### Available data
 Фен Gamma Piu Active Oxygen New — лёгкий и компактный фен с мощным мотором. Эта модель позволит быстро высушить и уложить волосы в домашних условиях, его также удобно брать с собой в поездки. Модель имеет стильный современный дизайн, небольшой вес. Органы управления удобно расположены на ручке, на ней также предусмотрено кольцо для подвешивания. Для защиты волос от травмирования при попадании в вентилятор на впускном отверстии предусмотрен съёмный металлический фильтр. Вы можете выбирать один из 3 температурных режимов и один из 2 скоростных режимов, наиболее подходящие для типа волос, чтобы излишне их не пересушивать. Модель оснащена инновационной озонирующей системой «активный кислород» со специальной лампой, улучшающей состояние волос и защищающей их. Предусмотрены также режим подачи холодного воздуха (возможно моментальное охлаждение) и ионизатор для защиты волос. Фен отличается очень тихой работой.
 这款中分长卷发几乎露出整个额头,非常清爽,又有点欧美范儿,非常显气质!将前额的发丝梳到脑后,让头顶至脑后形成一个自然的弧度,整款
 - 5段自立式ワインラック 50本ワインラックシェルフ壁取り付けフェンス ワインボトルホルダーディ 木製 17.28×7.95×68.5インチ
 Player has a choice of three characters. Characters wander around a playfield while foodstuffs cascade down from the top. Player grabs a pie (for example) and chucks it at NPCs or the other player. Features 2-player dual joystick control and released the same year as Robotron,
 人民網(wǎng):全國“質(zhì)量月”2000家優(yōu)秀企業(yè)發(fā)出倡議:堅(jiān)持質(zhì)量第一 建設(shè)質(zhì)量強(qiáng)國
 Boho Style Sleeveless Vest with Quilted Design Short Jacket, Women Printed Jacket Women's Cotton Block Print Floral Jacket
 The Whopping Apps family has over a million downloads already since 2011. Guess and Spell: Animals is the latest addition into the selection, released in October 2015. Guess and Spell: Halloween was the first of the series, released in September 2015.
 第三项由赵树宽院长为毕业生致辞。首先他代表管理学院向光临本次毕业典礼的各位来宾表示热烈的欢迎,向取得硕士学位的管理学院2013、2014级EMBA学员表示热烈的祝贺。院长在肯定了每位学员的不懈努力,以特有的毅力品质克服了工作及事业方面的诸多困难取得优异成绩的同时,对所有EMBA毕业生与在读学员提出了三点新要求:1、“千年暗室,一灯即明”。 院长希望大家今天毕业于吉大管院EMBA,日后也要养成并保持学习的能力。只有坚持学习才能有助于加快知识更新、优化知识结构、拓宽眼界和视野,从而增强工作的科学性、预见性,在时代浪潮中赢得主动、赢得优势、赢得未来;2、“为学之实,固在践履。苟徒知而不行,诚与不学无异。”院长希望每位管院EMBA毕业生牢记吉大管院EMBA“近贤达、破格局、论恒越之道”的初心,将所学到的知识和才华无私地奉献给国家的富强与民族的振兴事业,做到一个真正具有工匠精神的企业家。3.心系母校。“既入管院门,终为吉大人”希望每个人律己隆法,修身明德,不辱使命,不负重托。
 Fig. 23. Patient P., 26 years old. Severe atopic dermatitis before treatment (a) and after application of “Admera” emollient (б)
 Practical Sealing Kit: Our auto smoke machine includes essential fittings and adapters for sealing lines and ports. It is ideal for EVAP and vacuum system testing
--
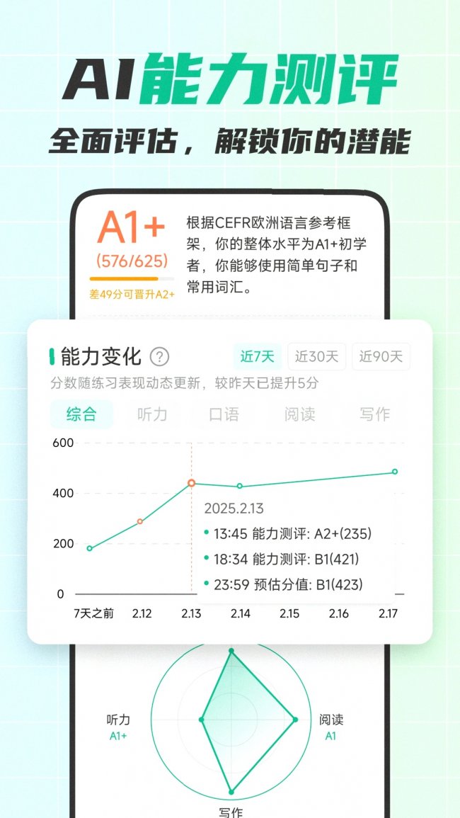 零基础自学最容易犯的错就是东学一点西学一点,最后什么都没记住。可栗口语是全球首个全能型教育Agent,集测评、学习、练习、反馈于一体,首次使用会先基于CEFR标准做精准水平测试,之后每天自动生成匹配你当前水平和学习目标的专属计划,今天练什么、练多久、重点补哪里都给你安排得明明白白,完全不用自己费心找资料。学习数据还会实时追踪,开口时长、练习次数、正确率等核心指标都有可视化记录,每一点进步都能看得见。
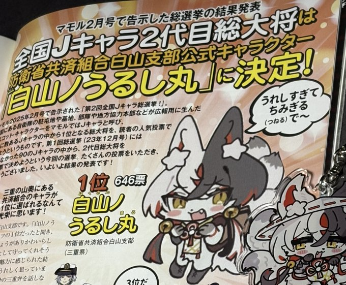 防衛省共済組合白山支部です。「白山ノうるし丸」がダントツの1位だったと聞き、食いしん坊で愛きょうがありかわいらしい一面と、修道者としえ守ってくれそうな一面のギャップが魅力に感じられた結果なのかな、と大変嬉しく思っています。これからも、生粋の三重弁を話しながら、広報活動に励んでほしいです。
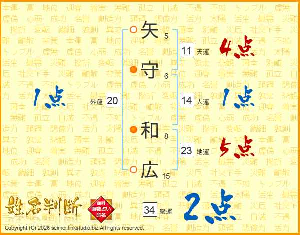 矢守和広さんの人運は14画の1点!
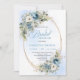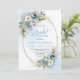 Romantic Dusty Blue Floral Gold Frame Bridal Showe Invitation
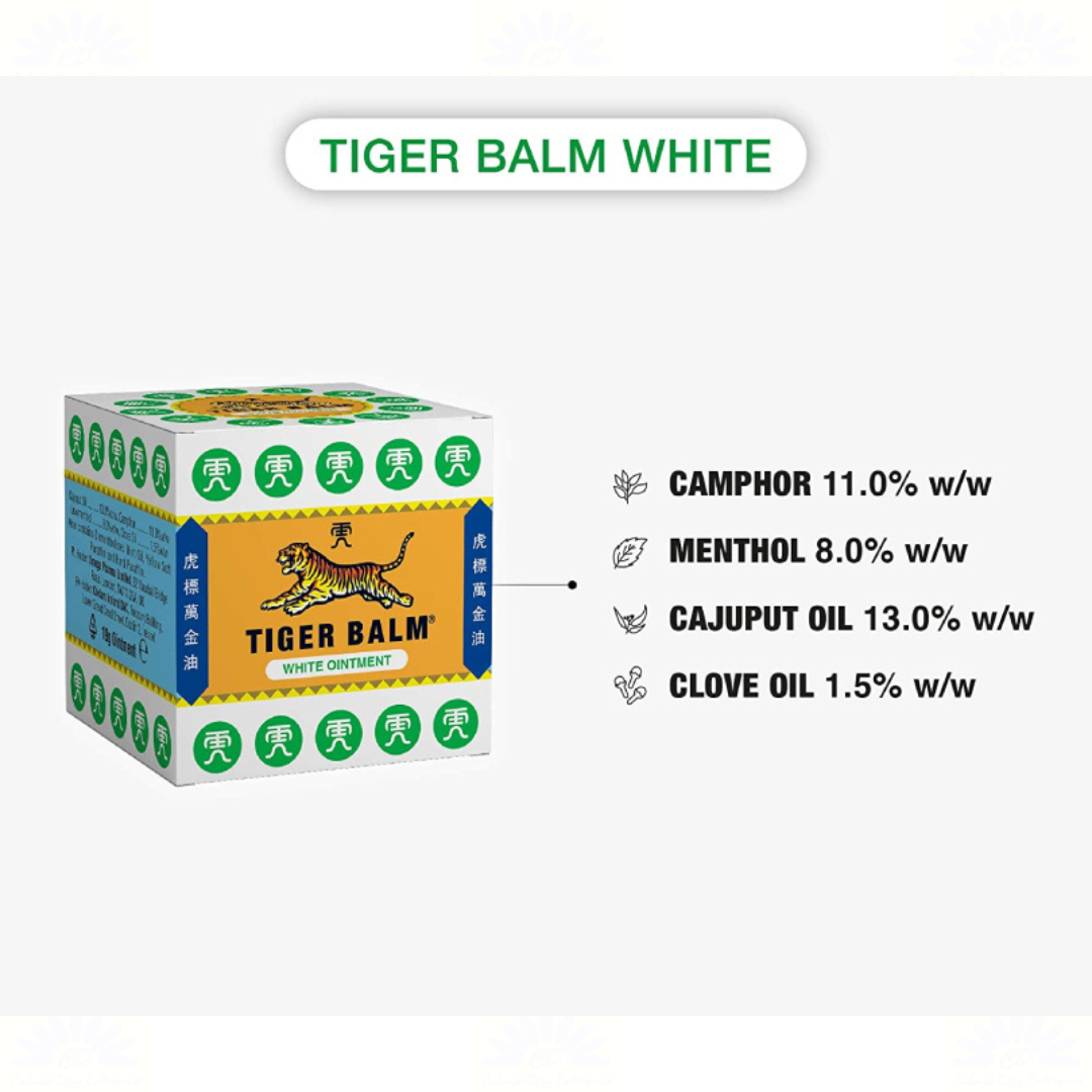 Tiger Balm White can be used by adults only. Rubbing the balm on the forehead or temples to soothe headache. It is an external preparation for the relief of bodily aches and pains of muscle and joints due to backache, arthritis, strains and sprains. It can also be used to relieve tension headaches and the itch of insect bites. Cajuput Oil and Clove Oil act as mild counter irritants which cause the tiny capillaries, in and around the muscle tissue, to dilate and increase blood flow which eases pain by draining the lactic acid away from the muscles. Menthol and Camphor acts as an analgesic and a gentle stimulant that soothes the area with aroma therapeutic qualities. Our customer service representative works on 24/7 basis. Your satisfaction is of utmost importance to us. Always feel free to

### What is required
Go line by line through the data above and report each one that holds the string "released".

### Task result
 Player has a choice of three characters. Characters wander around a playfield while foodstuffs cascade down from the top. Player grabs a pie (for example) and chucks it at NPCs or the other player. Features 2-player dual joystick control and released the same year as Robotron,
 The Whopping Apps family has over a million downloads already since 2011. Guess and Spell: Animals is the latest addition into the selection, released in October 2015. Guess and Spell: Halloween was the first of the series, released in September 2015.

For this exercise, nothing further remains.